How to create sustainable value in medium-sized companies
By Emer O’Riordan
Despite the strong entrepreneurial drivers that can be a force behind many businesses, some still face challenges when it comes to achieving sustainable value.
There are six questions that all business owners should consider as they try to bridge the gap between where they are now and long term sustainable value.
1. Am I acting as a strategist or a firefighter?
When faced with a period of slow growth, owners can place emphasis on external factors such as economic landscape or market sentiment, however, it is internal structures that have the strongest impact on improving performance.
For example, a company with a strong finance function, good risk management processes and a board with a fully aligned strategy tends to perform better than those that do not.
Therefore, as a business owner it is important to focus on long term strategic planning to enhance performance as opposed to last minute firefighting to reach goals.
2. Have I identified the key value creation factors?
Most companies have one clear goal: to grow capital value. Longer term, it may be to create a business that will be in the position to exit or pass it on to the next generation.
Regardless of your goals, a number of factors must be met in order to reach them, including market sentiment, financial indicators, consistency of turnover, debt, asset base quality and balance sheet strength.
It is also important to consider any over dependence on key customers, the risk profile of company activities and over reliance on you as an owner manager. In addition, quality of information and processes are further factors to take into consideration.
The extent to which you can successfully identify and manage these value creation factors will determine the company’s market value.
3. What is impacting my ability to manage performance drivers?
Presenting a clear vision helps to strengthen business plans and encourages everyone to work harder to achieve their goals, ultimately managing and driving performance forward.

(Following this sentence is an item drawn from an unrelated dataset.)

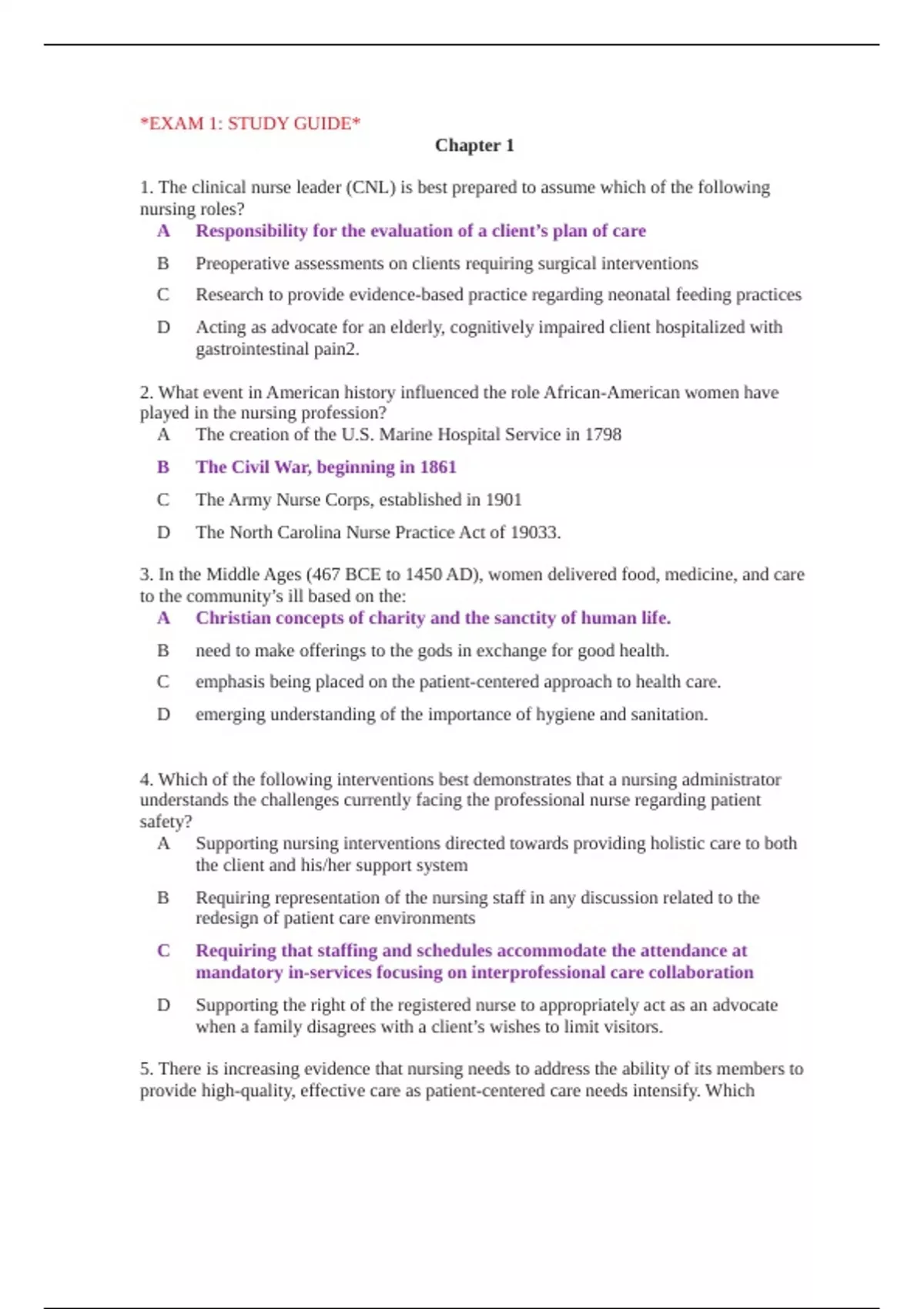 EXAM 1: STUDY GUIDE* Chapter 1 1. The clinical nurse leader (CNL) is best prepared to assume which of the following nursing roles? A Responsibility for the evaluation of a client’s plan of care B Preoperative assessments on clients requiring surgical interventions C Research to provide evidence-based practice regarding neonatal feeding practices D Acting as advocate for an elderly, cognitively impaired client hospitalized with gastrointestinal pain2. 2. What event in American history influenced the role African-American women have played in the nursing profession? A The creation of the U.S. Marine Hospital Service in 1798 B The Civil War, beginning in 1861 C The Army Nurse Corps, established in 1901 D The North Carolina Nurse Practice Act of 19033. 3. In the Middle Ages (467 BCE to 1450 AD), women delivered food, medicine, and care to the community’s ill based on the: A Christian concepts of charity and the sanctity of human life. B need to make offerings to the gods in exchange for good health. C emphasis being placed on the patient-centered approach to health care. D emerging understanding of the importance of hygiene and sanitation. 4. Which of the following interventions best demonstrates that a nursing administrator understands the challenges currently facing the professional nurse regarding patient safety? A Supporting nursing interventions directed towards providing holistic care to both the client and his/her support system B Requiring representation of the nursing staff in any discussion related to the redesign of patient care environments C Requiring that staffing and schedules accommodate the attendance at mandatory in-services focusing on interprofessional care collaboration D Supporting the right of the registered nurse to appropriately act as an advocate when a family disagrees with a client’s wishes to limit visitors.

Therefore, focusing on formalising structures to align shareholders and management team goals will professionalise and improve the foundations that are needed to manage these drivers. It will also help form the basis of a stable three-to-five-year strategic business plan that communicates to everyone within the organisation what is expected of them.
4. Do I suffer from value proposition drift?
As digital disruption introduces new players to the market, it is important to know who you are competing with and the main points of comparison and difference.
As an owner manager, you will need to constantly review, check and verify the value you provide to your customers and supply chain when you enter new markets, introduce new products and services, or manage new sales channels. This is important if your value creation strategy is to remain on track.
5. Have I clearly articulated the company’s culture?
Recruitment and retention of talent can be a challenge for businesses competing with large corporate benefit packages and the lure of fast-moving start-ups. Creating a culture of openness and inclusivity alongside a talent management strategy is vital to attracting, developing and retaining staff. This is equally important when aiming to attract external investors who put weight on a strong company culture and talented management team as a precursor to investing.
6. What factors are in my control that I can change?
Addressing internal issues can have a much bigger impact on shareholder value in the long term than, for example, placing every effort into increasing margins by 1%.
Yet, which internal elements to focus on and how different company functions could be impacted by change is not always obvious or clear cut. Having experts working alongside owners and executive teams can help identify and prioritise challenges.
As businesses focus on the next stage of their journey, putting a framework in place that can identify and improve the critical drivers of success will be key to sustained, long term value creation. The good news is that the ability of businesses to bridge the value gap lies firmly with its owners and management.